Materials and methods

Patient inclusion and sample collection

The present study included 20 patients with restenosis and 30 patients without restenosis underwent CAS for carotid stenosis at Cangzhou Central Hospital (Cangzhou, China) between February 2014 and October 2016. The degree of stenosis was determined using the criteria of the North American Symptomatic Carotid Endarterectomy trial (18). Patients were excluded if any of the following applied: i) Acute infection, cough, fever or diarrhea; ii) chronic inflammatory diseases; iii) malignant tumors; iv) severe kidney or liver diseases; v) poor adherence. Blood samples were collected from subjects after CAS, the blood samples were all centrifuged for serum isolation immediately after collection to avoid hemolysis in this experiment and stored at -80˚C for future use. The demographic and clinicopathological characteristics of the patients were recorded and listed in Table I, including age, sex, body mass index, smoking status, drinking status, diabetes, hypertension, hyperlipidemia, total cholesterol (TC), triglyceride, high-density lipoprotein cholesterol and low-density lipoprotein cholesterol (LDL-C). Written informed consent was obtained from patients or their relatives for the use of blood samples and clinical data. Experimental procedures were approved by the guidelines of the Ethics Committee of Cangzhou Central Hospital (Cangzhou, China; approval no. CZCH14h0280).

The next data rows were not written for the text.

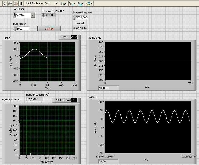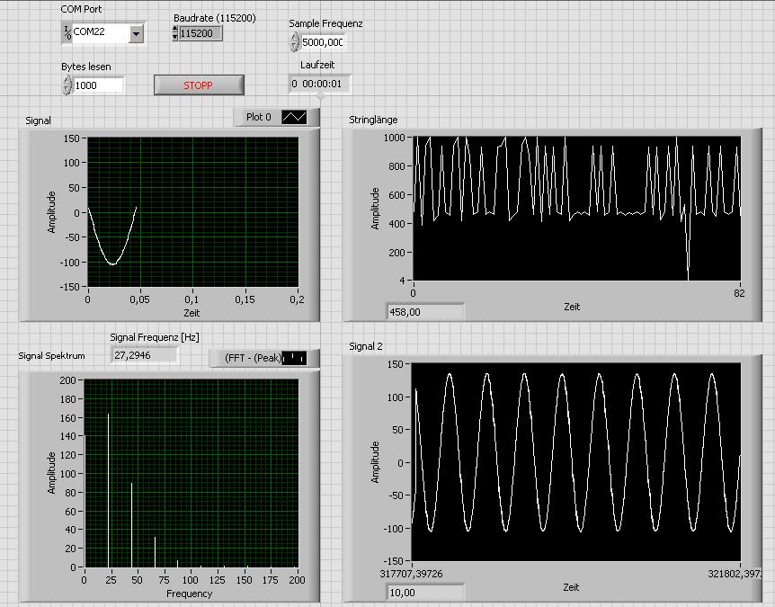 Der Datenstring, den ich vom COM-Port einlese, sollte eine konstante Länge in meinem Fall von 1000 Bytes haben. Die Stringlänge schwankt total und dadurch werden die Graphen völlig ruckelig. Das berechnete Frequenzspektrum ist nicht richtig und schwankt extrem. Nur bei einem Testsinussignal von genau 80 Hz kommen die Daten teilweise so an wie ich es will (siehe Bild 10 Hz; Bild 80 Hz).
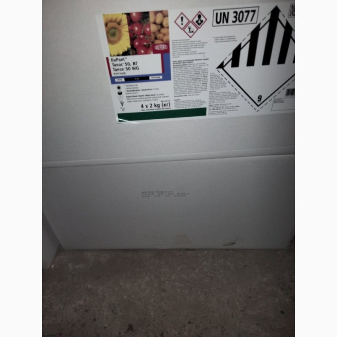 Танос® - Двокомпонентний фунгіцид профілактичної, лікувальної та антиспоруляційної дії для захисту від хвороб соняшнику, винограду, картоплі, томатів та цибулі. Діючі речовини: цимоксаніл – 250 г/кг, фамоксадон – 250 г/кг. Препаративна форма: водорозчинні гранули. Норма використання: 0,4 – 0,6 кг/...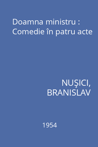 | Titlu | Doamna ministru : Comedie în patru acte |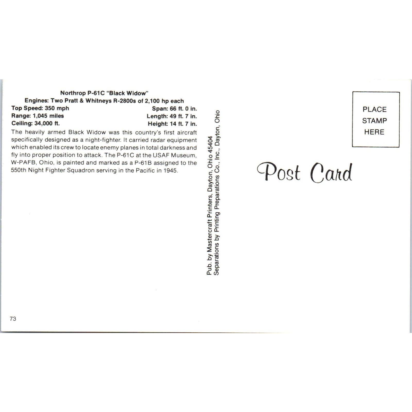 Northrop P-61C Black Widow Vintage Postcard TG8-PC

Table I Baseline characteristics of the study subjects.

Table I

Baseline characteristics of the study subjects.

Variable	non-ISR (n=30)	ISR (n=20)	P-value
Age (years)	64.5±7.2	67.5±8.5	0.199
Male sex	26	17	0.868
BMI (kg/m2)	24.7±2.5	25.1±3.1	0.640
Smoking status	12	9	0.726
Alcohol consumption	12	10	0.166
Diabetes	8	10	0.018
Hypertension	20	16	0.304
Hyperlipidemia	13	11	0.419
TC (mg/dl)	149.0±36.3	169.88±36.9	0.046
TG (mg/dl)	143.0±48.5	134.6±48.0	0.548
HDL-C (mg/dl)	40.1±6.7	41.7±7.1	0.433
LDL-C (mg/dl)	96.6±19.9	84.2±18.5	0.031

[i] BMI, body mass index; TC, total cholesterol; TG, triglyceride; HDL-C, high-density lipoprotein cholesterol; LDL-C, low-density lipoprotein cholesterol; ISR, in-stent restenosis.

Cell culture and transfection

The human carotid artery smooth muscle cell (hHCtASMC) line was purchased from the Cell Applications, Inc. and was cultured with Medium 231 and Smooth Muscle Growth Supplement (Thermo Fisher Scientific, Inc.) in an incubator containing air with 5% CO2 at 37˚C.

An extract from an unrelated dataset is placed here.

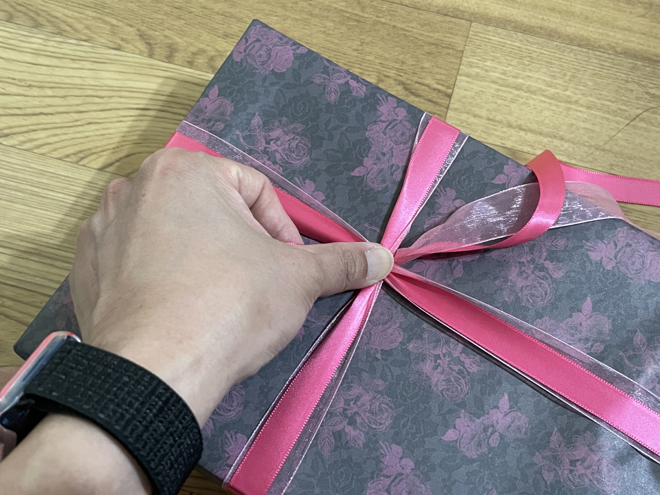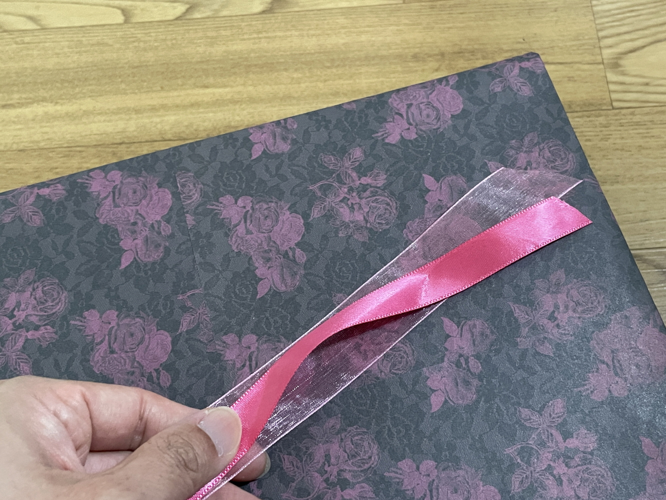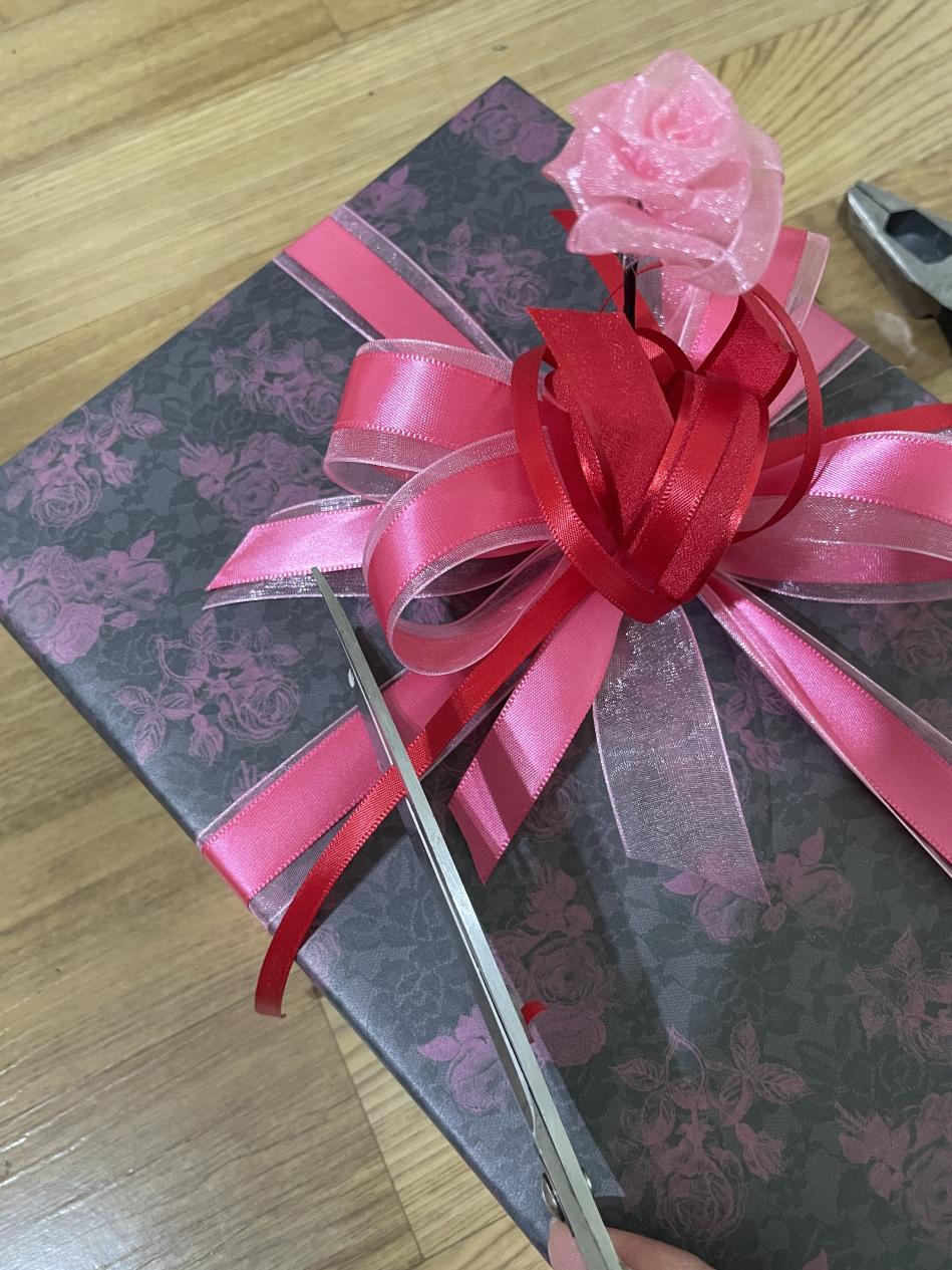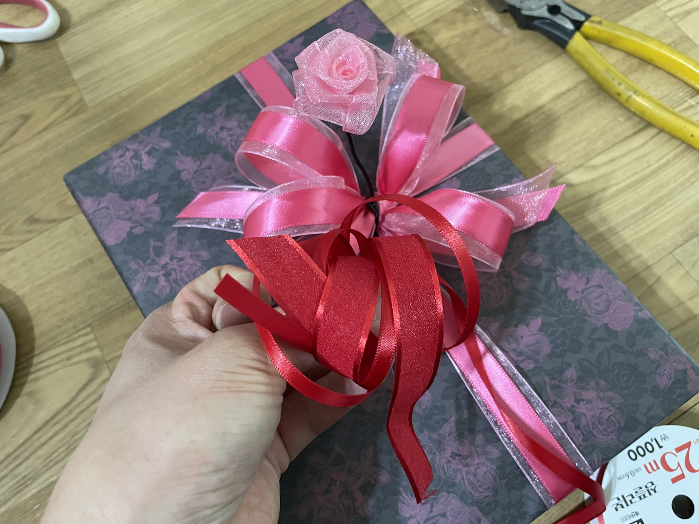 포장지가 검정 바탕에 어두운 핑크색 모양이기 때문에 핑크색 계열의 리본을 사용했어요. 리본색상 선정은 포장지와 어울리는 색상으로 묶어야 해요.

Cell transfection was used to achieve the in vitro regulation of SNHG1 and miR-145 in the present study. Short interfering (si)RNA targeting SNHG1 (si-SNHG1), negative control siRNA (si-NC), mimics NC, miR-145 mimics, inhibitor NC and miR-145 inhibitor were synthesized from GenePharma and were transfected into hHCtASMCs using Lipofectamine 3000 (Invitrogen; Thermo Fisher Scientific, Inc.) according to the manufacturers' protocol . Cells treated with only transfection reagen ts were set as a mock group. After 48 h of transfection, the cells were used for further analyses. The transfected sequences were as follows (from 5' to 3'): si-SNHG1, 5'-CUUAAAGUGUUAGCAGACATT-3'; si-NC, 5'-UUCUCCGAACGUGUCACGUTT-3'; miR-145 mimic, 5'-GUCCAGUUUUCCCAGGAAUCCCU-3'; miR-145 inhibitor, 5'-AGGGAUUCCUGGGAAAACUGGAC-3'; mimics NC, 5'-UUCUCCGAACGUGUCACGU-3'; inhibitor NC, 5'-CAGUACUUUUGUGUAGUACAA-3'.

RNA extraction and reverse transcription-quantitative PCR (RT-qPCR)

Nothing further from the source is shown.